Augé and Ramsell’s ‘difficult second albums’

New poetry collections reviewed

IN THE way he presents his work at readings, Billy Ramsell has much in common with other poets who have emerged from the spoken end of the poetry spectrum during the past decade.

Unlike most of them, his poetry is devoid of politics. Ramsell never goes in search of things it is safe to be against. Neither is he a scribbler of little lyrics about his begonias. In his new collection, The Architect’s Dream Of Winter, his second, published by Dedalus, he tackles one of the great issues; our ongoing relationship with machines.

‘Your Call Is Important To Us’ is a gorgeous satire on our attempts to get through to those companies which always take our money by direct debit, and so never need to get through to us. In ‘Half Time’ Ramsell has the Greek deities - Zeus, Aphrodite and all that crowd - gather together to watch a National Hurling League match on television.

‘From the Unconceived’ gives voice to all the potential sons, daughters, sisters and brothers you will never have: “Here are the daughters you permanently exiled/that night you didn’t let him pull your pants down/in your breath-hot postered bedroom/and on those nights you stayed faithful,/and on the nights you took recommended precautions.” It is a poem which will probably get anti-abortionists excited, but it has more in common, I think, with Richard Dawkins’ statement that we are the lucky few “who won the lottery of birth against all odds”.

The Architect’s Dream Of Winter is full of big ideas brilliantly executed.

Another second collection is Celeste Augé’s Skip Diving, published by Salmon. She writes passionately and only on things she really cares about. There is a glorious economy to the language; Augé is not one to fatten out a poem with adjectives. Most striking in this regard is the perfect five line ‘Insomnia’:

“I have come to like the hours/spent awake in bed,/the house silent,/everyone else put safely away,/ like clean dishes.”

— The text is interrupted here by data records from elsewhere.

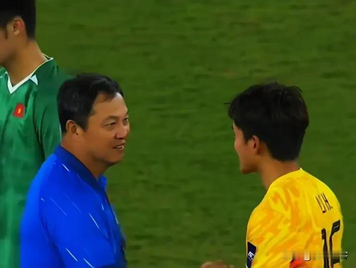 藏不住的宠溺和欣赏,U23国足和越南队的比赛结束后,韩国名宿越南U23守门员教练李云在主动和李昊寒暄,欣赏之情尽显! 作为韩国国脚李在明的实力不容小觑,曾经代表国家队出战132场,参加过四届世界杯,是亚洲足坛颇具影响力的守门员,在这场比赛中李昊继续之前神勇表现最终零封对手实现晋级,赛后李云在的这一行为也是向外界表明,只要你的实力足够强,就会赢得尊重和褒奖,就算是长期对中国足球嗤之以鼻的韩国人,也会低下他高贵的头颅。 所以本人建议这支U23球队可以整体上升到国家队层面,至于目前邵佳一带领的那支老态龙钟的“痞幼子”直接可以宣布解散了![作揖][作揖][作揖]
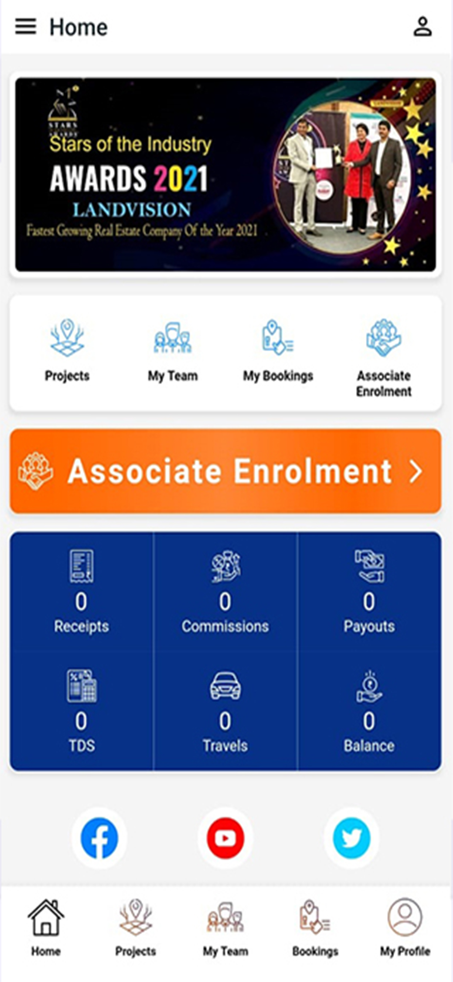 The LandVision Associate services app will help by providing a simple and easy way for associates to view projects, special offers, Downline Team, Recruitment and bookings. All your communication will be conducted within the app, which is secure and private to protect associate data
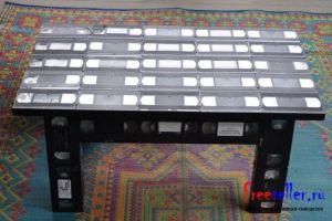 Стол готов! Сверху кладется прочное стекло. Углубления можно занять книгами, журналами, красиво разложить бутылки с вином.
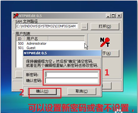 步骤四:为所选用户设置新密码;或者留空,系统没有密码。密码设置好后,单击【确认】。
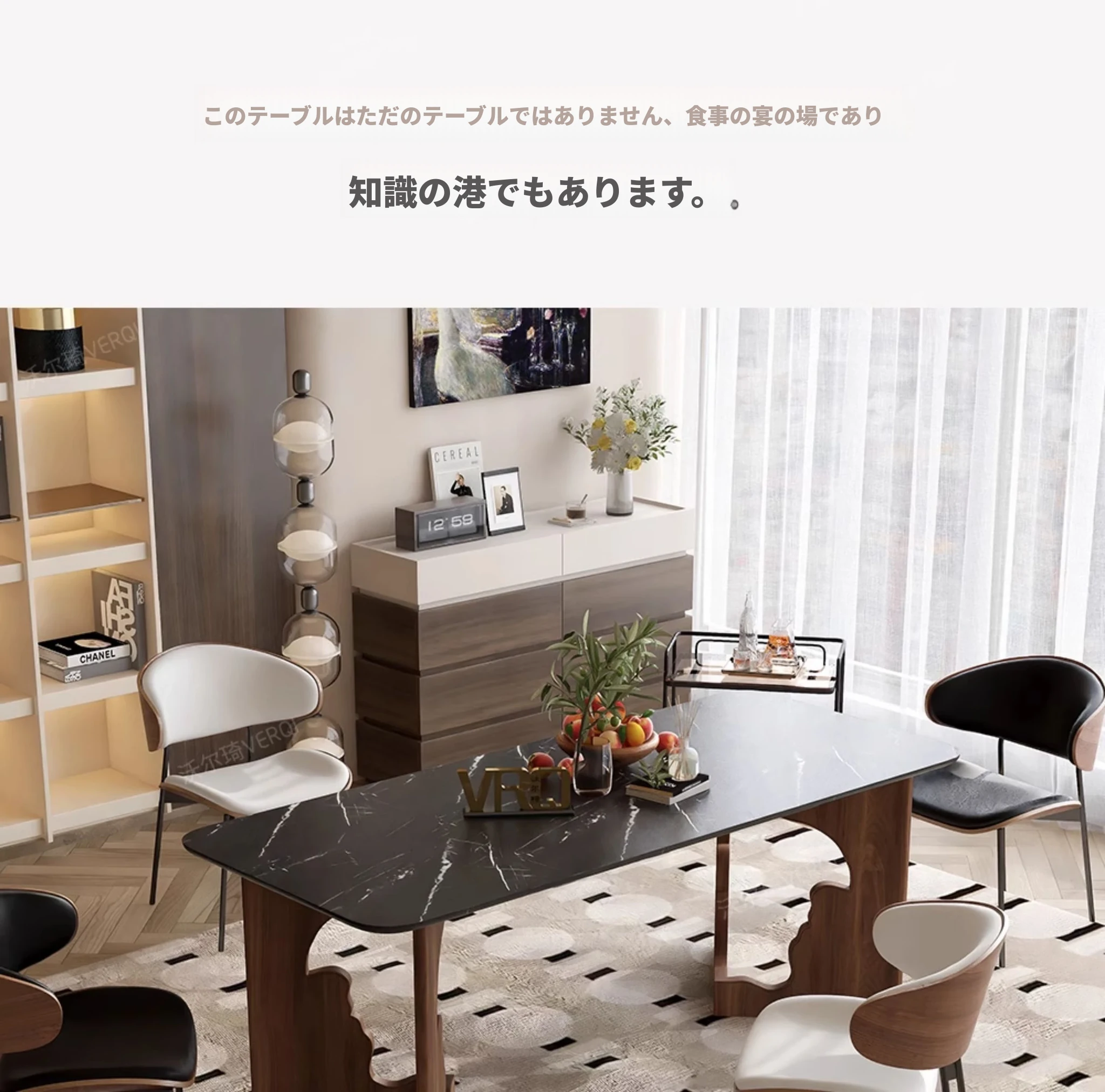 ラグジュアリー石ダイニングテーブル+6脚
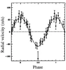 К 1995 г. в поиске экзопланет лидировали две конкурирующие группы: Мишель Майор, Дидье Келос (Женевский университет) и Джеф Марси, Пол Батлер (Университет Беркли, США). Первыми оказались швейцарцы. Историю открытия, излагаемую ниже, я почерпнул в основном из доклада Джефа Марси. К осени 1995 г. обе группы имели работающую методику и вели систематический поиск. По словам Марси, их точность была лучше: именно они придумали ячейку с парами йода. Швейцарцы, впрочем, использовали похожую методику. Как бы то ни было, 6 октября швейцарцы увидели периодические колебания лучевой скорости звезды 51 Пегаса, причем с огромной амплитудой — 60 м/с и очень коротким периодом — 4,2 дня. Такого никто не ожидал! Джеф Марси утверждает, что им просто не повезло: в каталоге, которым они пользовались, 51 Пегаса ошибочно значилась, как вспыхивающая звезда, и они исключили ее из списка целей. Вероятно, это был действительно предмет везения, поскольку уже через 2 недели Марси с Батлером подтвердили открытие, причем с лучшей точностью.
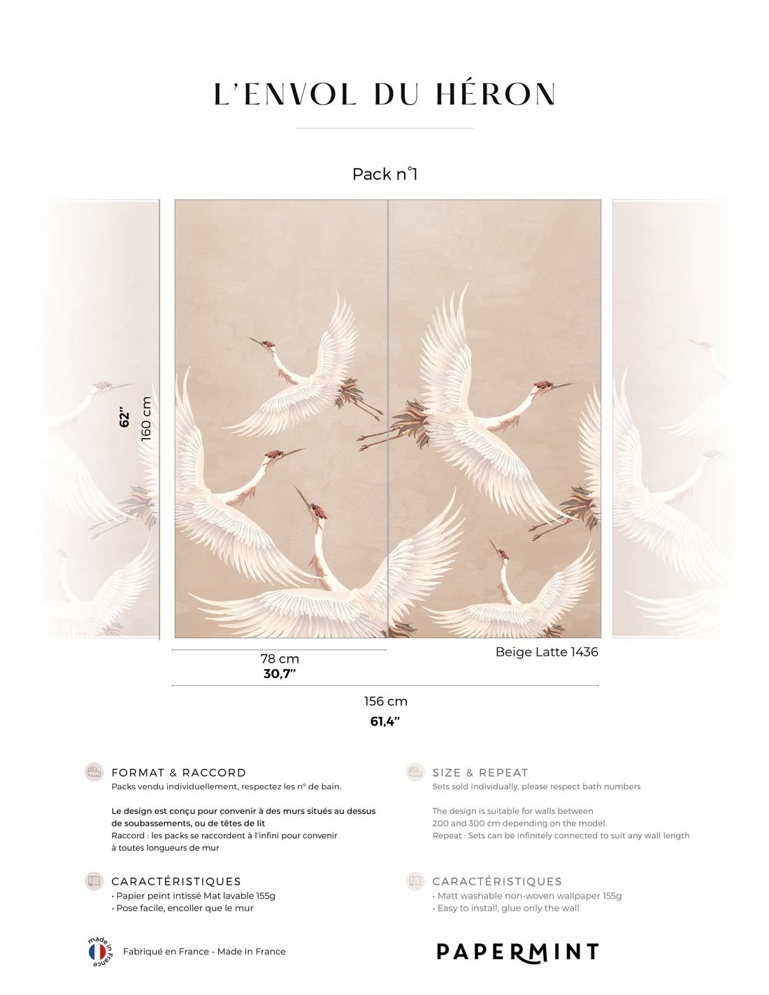 L’envol du héron • Wallpanel Pack • H160 x W.156cm
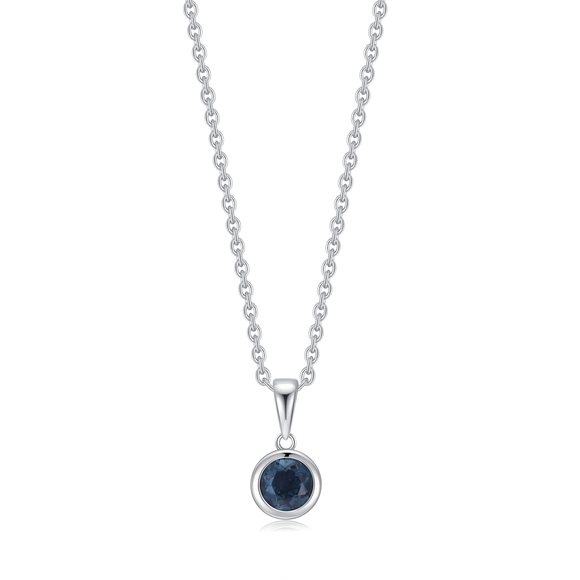 14 kt. hvidguld vedhæng cirkel med blå topas
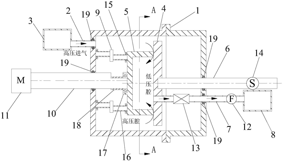 7.如权利要求1所述的一种无油涡旋压缩机的轴向动隙泄漏等效测试实验台,其特征在于,所述偏心主轴(10)、间隙调节杆(6)和泄漏排气管(7)伸出壳体(1)的位置均设置有油毡密封圈(19);进气管(2)与壳体(1)连接的位置设置有油毡密封圈(19)。
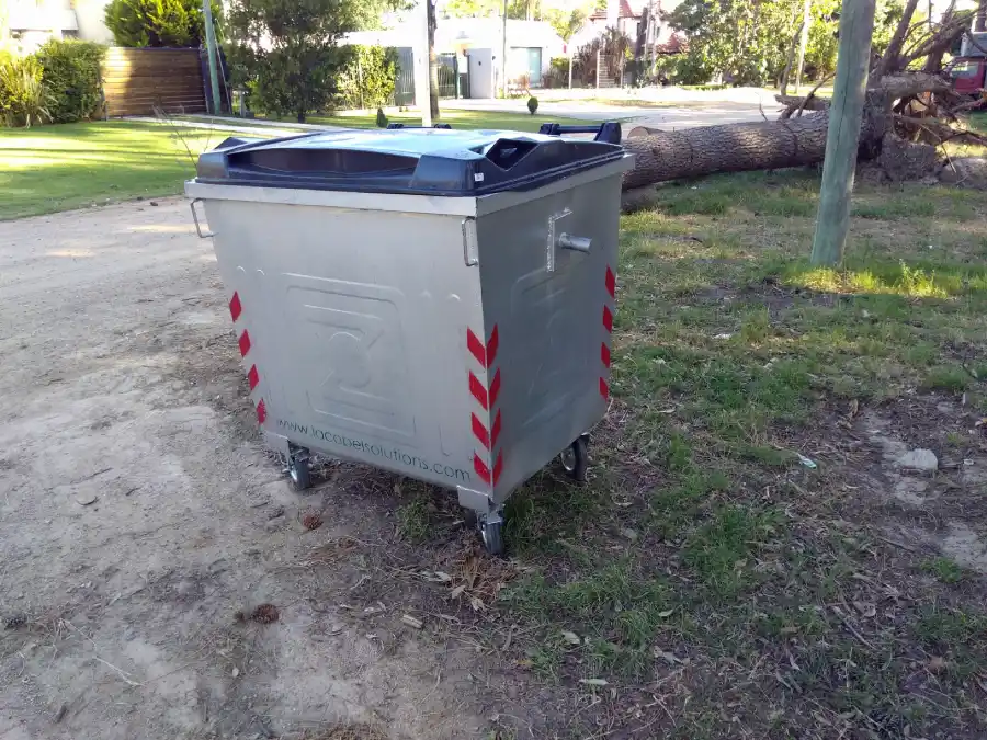 A new trash container appears, sourced locally and looking more solid than the older ones from Europe somewhere.
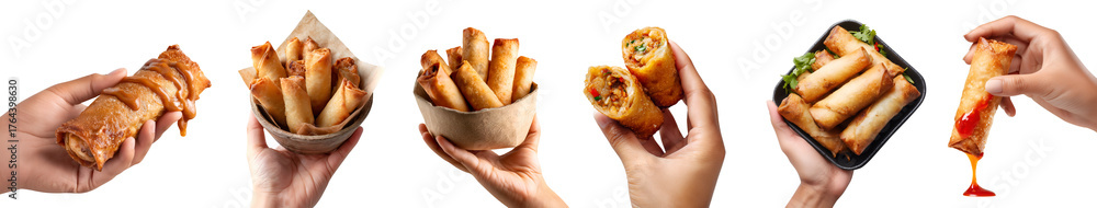 Set of hand holding spring egg rolls, crispy fried pastry snack with vegetable meat filling, sauce drip, craft bowl dish, stack pile bitten broken, transparent cutout PNG. Many different Mockup #1764398630
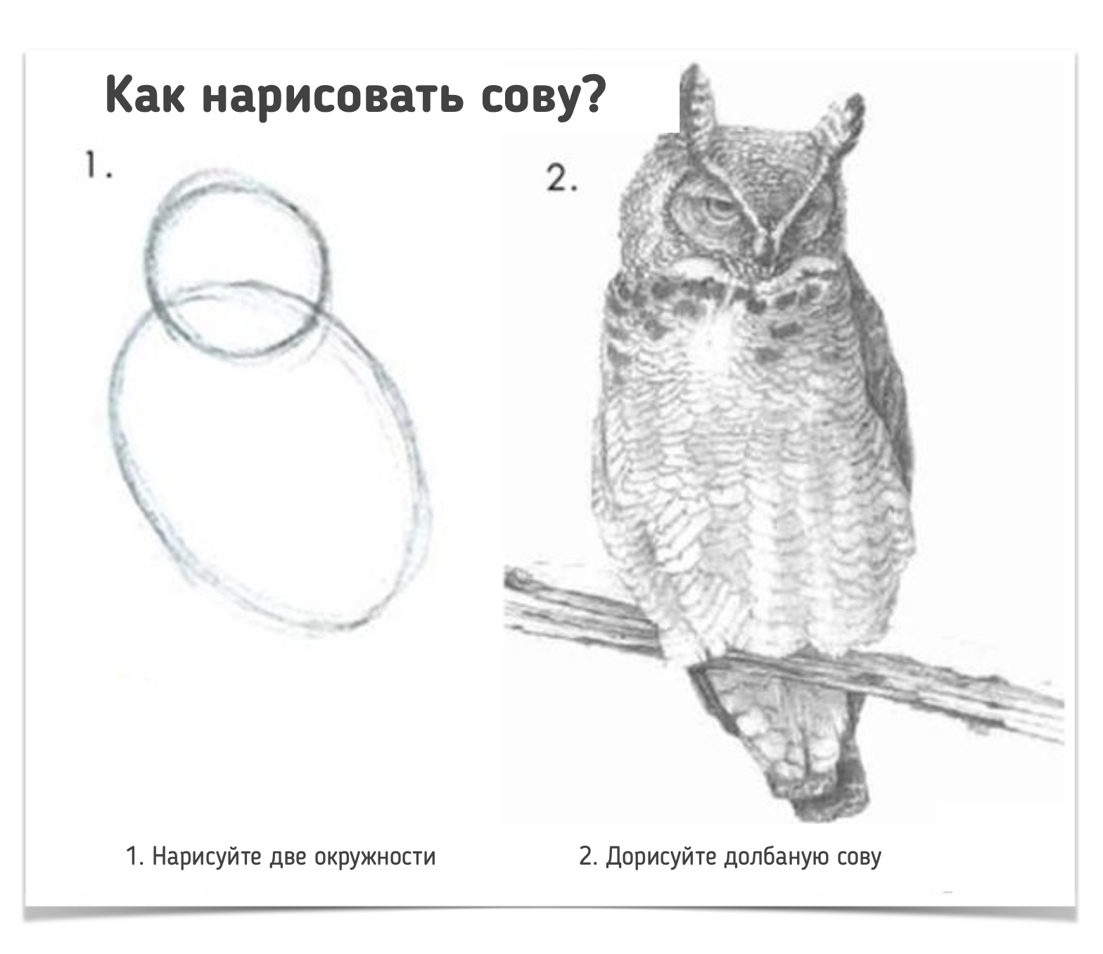Огоромное число статей-инструкций написаны в логике совы. Это самая распространенная среди авторов и самая неприятная для читателей ошибка. Распространенная, потому что давать такие советы легко и выглядят они убедительно. Неприятная, потому что читатель чувствует себя обманутым: совет вроде бы верный, но заведомо невыполнимый.
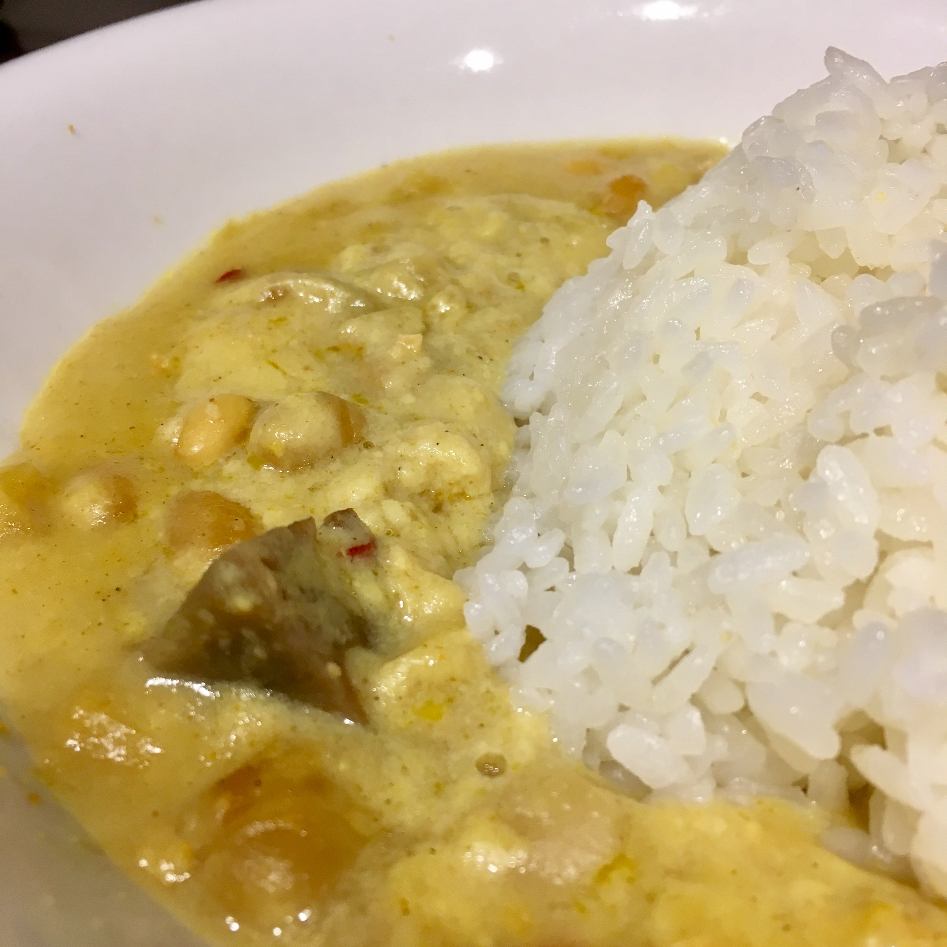 ちゃんと辛い!中辛とありますがしっかりとしたカレーの辛さと酒粕の風味もありつつ、ごろっとした根菜と大豆の食感があり食べごたえがありました、食後の匂いを考えず食べれるカレーは素晴らしい!

Augé’s approach in some of her feminist poems challenges pre-conceptions. David Wheatley has opined that the work of Eavan Boland, probably our premier female poet, suffers from an “absence of any discernible sense of humour”. This is certainly not the case with the work of Celeste Augé.

In ‘Absolution’ - a poem in which she alludes to the Magdalene Laundries - she writes “I, too, have sinned,/in several different religions./(Roast pork, assorted blasphemies,/not to mention the fornication. )”

In ‘Leda Revisited’, Augé writes about the symphysiotomy scandal. It is not an easy subject from which to make a poem. For one thing, it is already so associated in the public mind with tragedy and pathos, that irony is almost the only way to achieve the originality towards which every poem must aspire.

The poem opens with a savagery entirely appropriate to the circumstances: “There’re worse things than being fucked by a swan”. A perfect beginning for such a poem in that it will offend all the right people.

Skip Diving is one of the best poetry collections I’ve read this year.